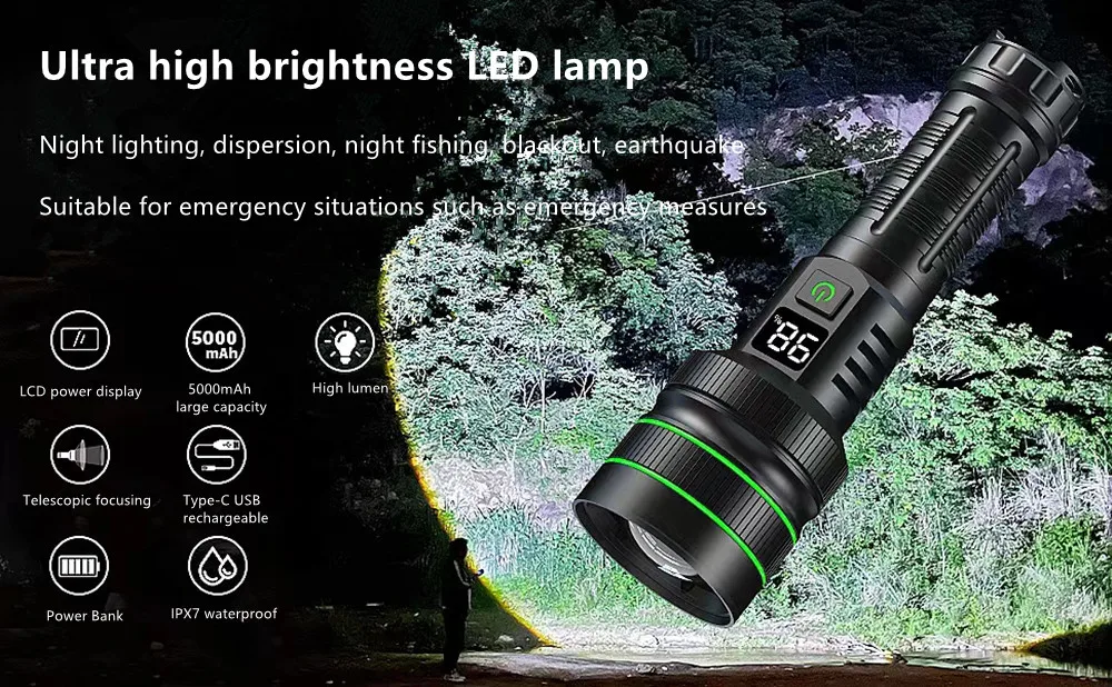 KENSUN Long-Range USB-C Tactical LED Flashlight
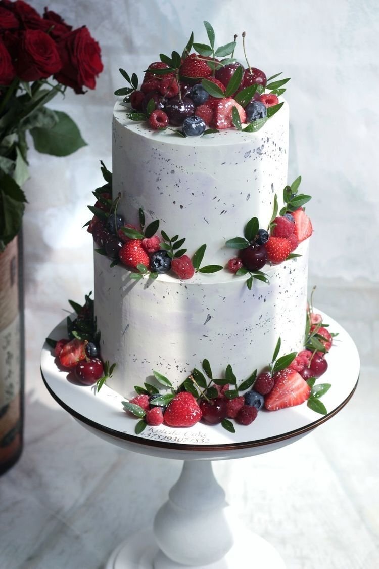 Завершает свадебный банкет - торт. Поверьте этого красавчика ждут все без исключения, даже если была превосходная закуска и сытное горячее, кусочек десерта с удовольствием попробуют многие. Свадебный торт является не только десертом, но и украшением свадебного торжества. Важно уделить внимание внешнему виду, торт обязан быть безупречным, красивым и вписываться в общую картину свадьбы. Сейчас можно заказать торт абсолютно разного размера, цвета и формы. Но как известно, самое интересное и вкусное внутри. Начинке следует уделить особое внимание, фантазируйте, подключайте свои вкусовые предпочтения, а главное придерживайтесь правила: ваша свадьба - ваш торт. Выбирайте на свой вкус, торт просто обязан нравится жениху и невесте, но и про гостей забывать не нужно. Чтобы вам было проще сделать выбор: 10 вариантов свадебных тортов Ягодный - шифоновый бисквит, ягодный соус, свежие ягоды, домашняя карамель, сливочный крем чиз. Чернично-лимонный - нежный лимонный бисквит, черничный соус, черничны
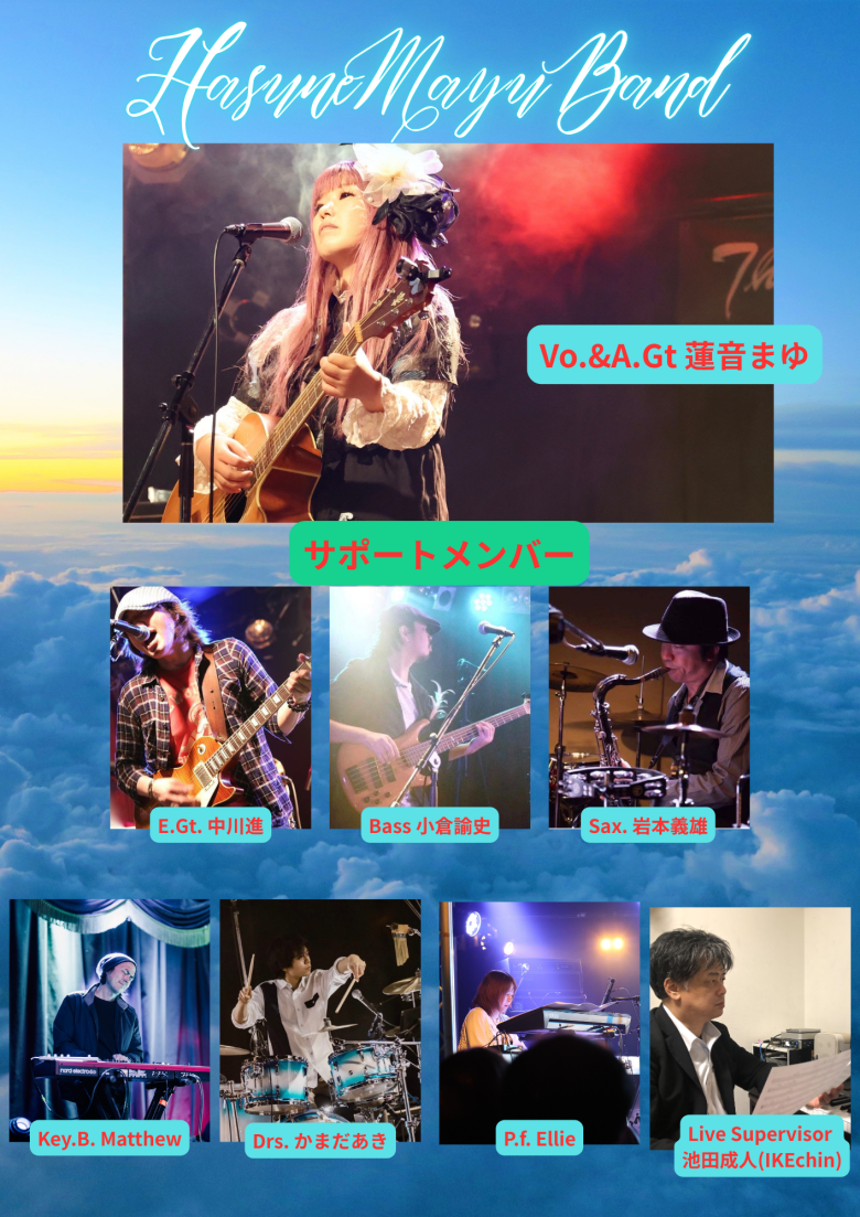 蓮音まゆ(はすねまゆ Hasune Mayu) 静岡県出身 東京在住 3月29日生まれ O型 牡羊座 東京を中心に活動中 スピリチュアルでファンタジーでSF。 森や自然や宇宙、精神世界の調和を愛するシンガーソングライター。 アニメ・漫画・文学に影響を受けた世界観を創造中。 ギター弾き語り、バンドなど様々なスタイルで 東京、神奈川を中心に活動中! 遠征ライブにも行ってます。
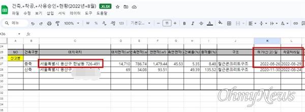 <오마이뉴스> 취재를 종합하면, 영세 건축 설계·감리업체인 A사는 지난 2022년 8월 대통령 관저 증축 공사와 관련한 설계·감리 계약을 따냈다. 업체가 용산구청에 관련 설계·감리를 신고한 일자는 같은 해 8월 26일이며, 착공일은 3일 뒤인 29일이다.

TO DO:
Without changing a single word, set down all of the material again and leave out its pictures.

RESULT:
 KENSUN Long-Range USB-C Tactical LED Flashlight
 Завершает свадебный банкет - торт. Поверьте этого красавчика ждут все без исключения, даже если была превосходная закуска и сытное горячее, кусочек десерта с удовольствием попробуют многие. Свадебный торт является не только десертом, но и украшением свадебного торжества. Важно уделить внимание внешнему виду, торт обязан быть безупречным, красивым и вписываться в общую картину свадьбы. Сейчас можно заказать торт абсолютно разного размера, цвета и формы. Но как известно, самое интересное и вкусное внутри. Начинке следует уделить особое внимание, фантазируйте, подключайте свои вкусовые предпочтения, а главное придерживайтесь правила: ваша свадьба - ваш торт. Выбирайте на свой вкус, торт просто обязан нравится жениху и невесте, но и про гостей забывать не нужно. Чтобы вам было проще сделать выбор: 10 вариантов свадебных тортов Ягодный - шифоновый бисквит, ягодный соус, свежие ягоды, домашняя карамель, сливочный крем чиз. Чернично-лимонный - нежный лимонный бисквит, черничный соус, черничны
 蓮音まゆ(はすねまゆ Hasune Mayu) 静岡県出身 東京在住 3月29日生まれ O型 牡羊座 東京を中心に活動中 スピリチュアルでファンタジーでSF。 森や自然や宇宙、精神世界の調和を愛するシンガーソングライター。 アニメ・漫画・文学に影響を受けた世界観を創造中。 ギター弾き語り、バンドなど様々なスタイルで 東京、神奈川を中心に活動中! 遠征ライブにも行ってます。
 <오마이뉴스> 취재를 종합하면, 영세 건축 설계·감리업체인 A사는 지난 2022년 8월 대통령 관저 증축 공사와 관련한 설계·감리 계약을 따냈다. 업체가 용산구청에 관련 설계·감리를 신고한 일자는 같은 해 8월 26일이며, 착공일은 3일 뒤인 29일이다.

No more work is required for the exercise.